Auch wenn für uns als ISN nach wie vor der Markt die Erzeugung tragen muss: An dieser Stelle brauchen die Ferkelerzeuger für den Umbau der Gebäude substanzielle finanzielle Unterstützung von staatlicher Seite. Und nicht nur die – sie brauchen auch Hilfe bei der Bewältigung der bürokratischen und genehmigungstechnischen Hürden. Selbst wenn die Umbaumaßnahmen zu finanzieren wären, nützt es dem Ferkelerzeuger nichts wenn er aufgrund der Hürden gar nicht umbauen kann. Zusammengefasst heißt das: Kommt die beschriebene Unterstützung nicht, werden wir mit Ablauf der Fristen ein Ausmaß des Sterbens der Ferkelerzeugung in Deutschland haben, wie wir es bislang noch nicht erlebt haben.

 

Kommen wir zurück zu den Regelungen – welche Knackpunkte sehen Sie bei den diskutierten Regelungen?

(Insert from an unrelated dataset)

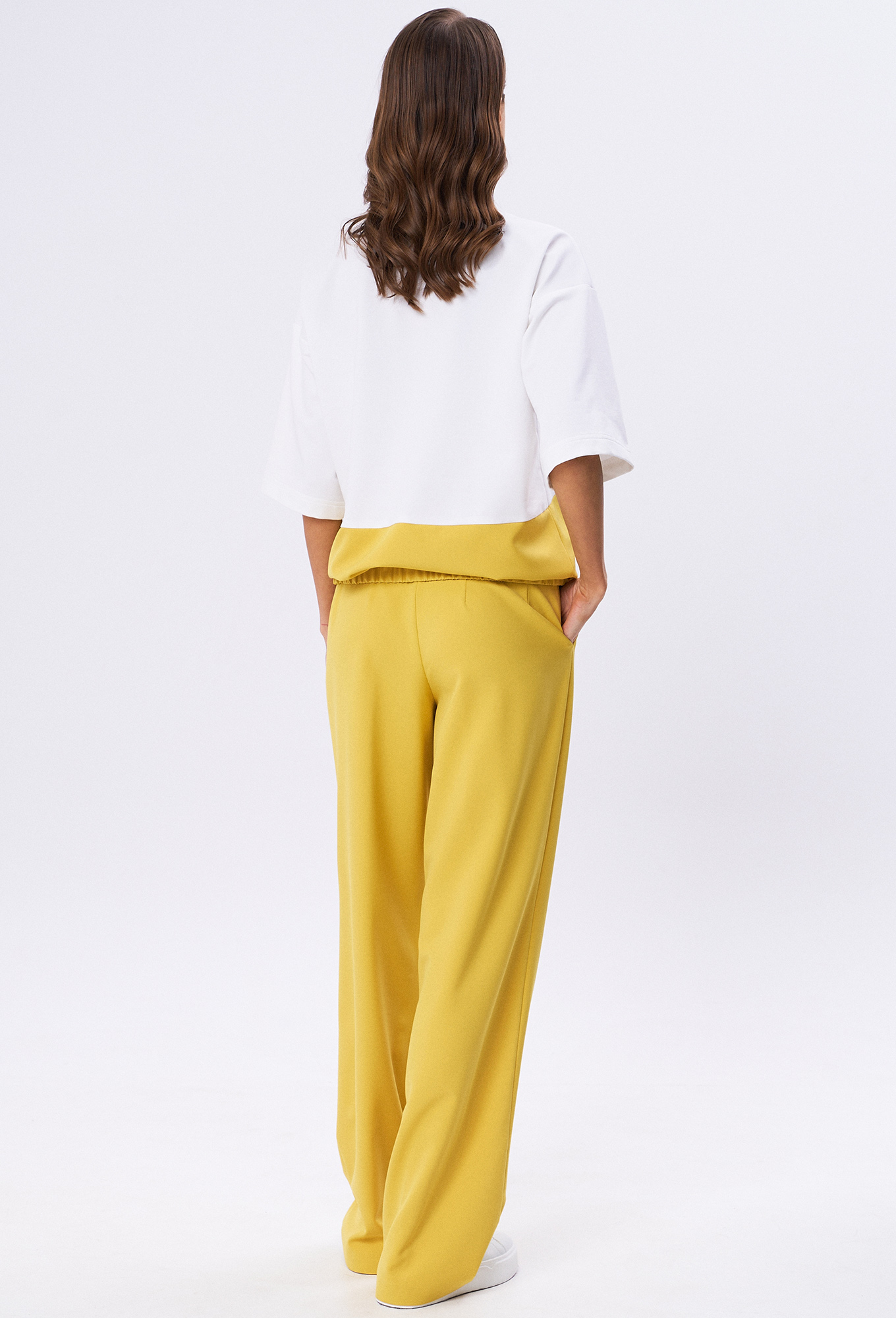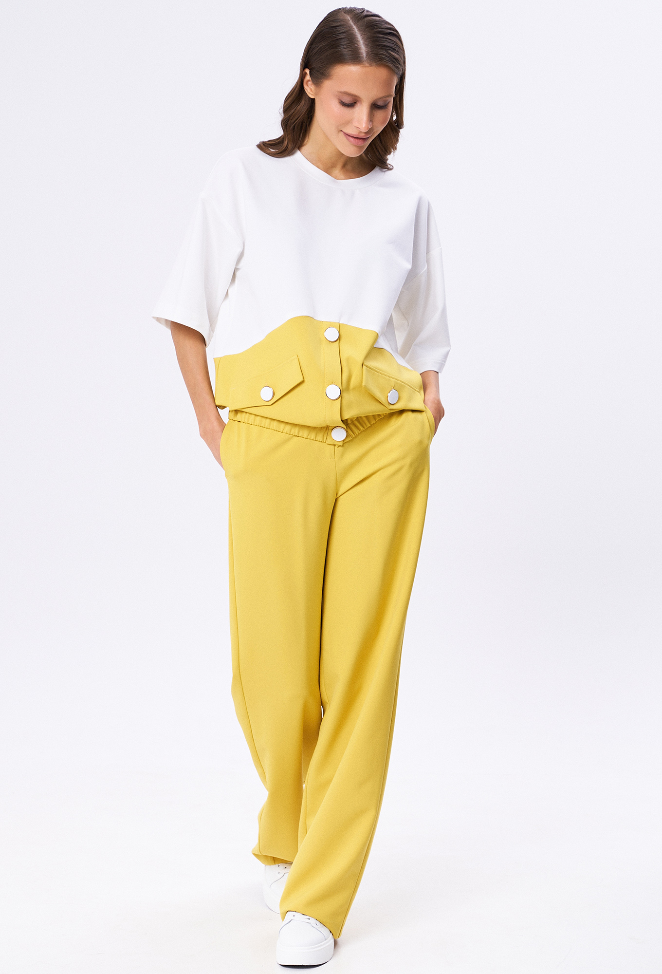 Модель: Кавари 8024 горчица Рост:..показать 170 см (девушка на фото ростом 170см) Сезон: Весна-Лето Тип ткани: Блузка - хлопок 40%, вискоза 30%, полиэстер 28%, спандекс 2%; Брюки - вискоза 60%, полиэстер 35%, спандекс 5%Комплект, состоящий из блузки и брюк. Объёмная блузка на резинке по низу выполнена из футера 2-х нитки в сочетании с костюмной тканью. Линия плеча спущена, рукав до локтя. По переду в качестве декора клапаны с пуговицами. Прямые брюки из костюмной ткани частично на резинке по поясу с застёжкой на гульфик с молнией и пуговицу. По бокам карманы.

Damit sind wir beim nächsten Aber. Neuregelungen machen nur Sinn, wenn die Regelungen auch praktikabel sind. Und genau hier habe ich an verschiedenen Punkten große Bauchschmerzen. Ganz besonders kritisch sehe ich die Maße, die in dem Eckpunktepapier des BMEL festgelegt sind. Die Kastenstandbreiten, so wie sie dort in den Klassen festgelegt sind, sind eindeutig zu breit und nicht praktikabel. Die Sauen werden sich in hohen Anteilen umdrehen und dabei verletzen. Damit machen wir eine unnötige neue Baustelle auf. Aus meiner Sicht muss es möglich sein, bei der sehr verkürzten Zeit im Kastenstand auch mit praktikablen Breiten zu arbeiten. Auch bei anderen Maßen sind die diskutierten Werte recht happig. So führt eine aus meiner Sicht übertriebene Mindestlänge der Kastenstände von 2,20 m dazu, dass die Achsmaße in den Ställen endgültig nicht mehr passen. Auch eine Mindestvorgabe für die Abferkelbucht über 6 m² hinaus (Österreich liegt bei 5,5 m²) ist zu hoch. Gut ist, dass man scheinbar eingesehen hat, dass eine Fixierung der Sauen im Abferkelbereich für wenige Tage möglich sein muss. Es geht also jetzt um die kleinen, aber äußerst wichtigen Details, bei der mehr Praxis als Theorie gehört werden muss.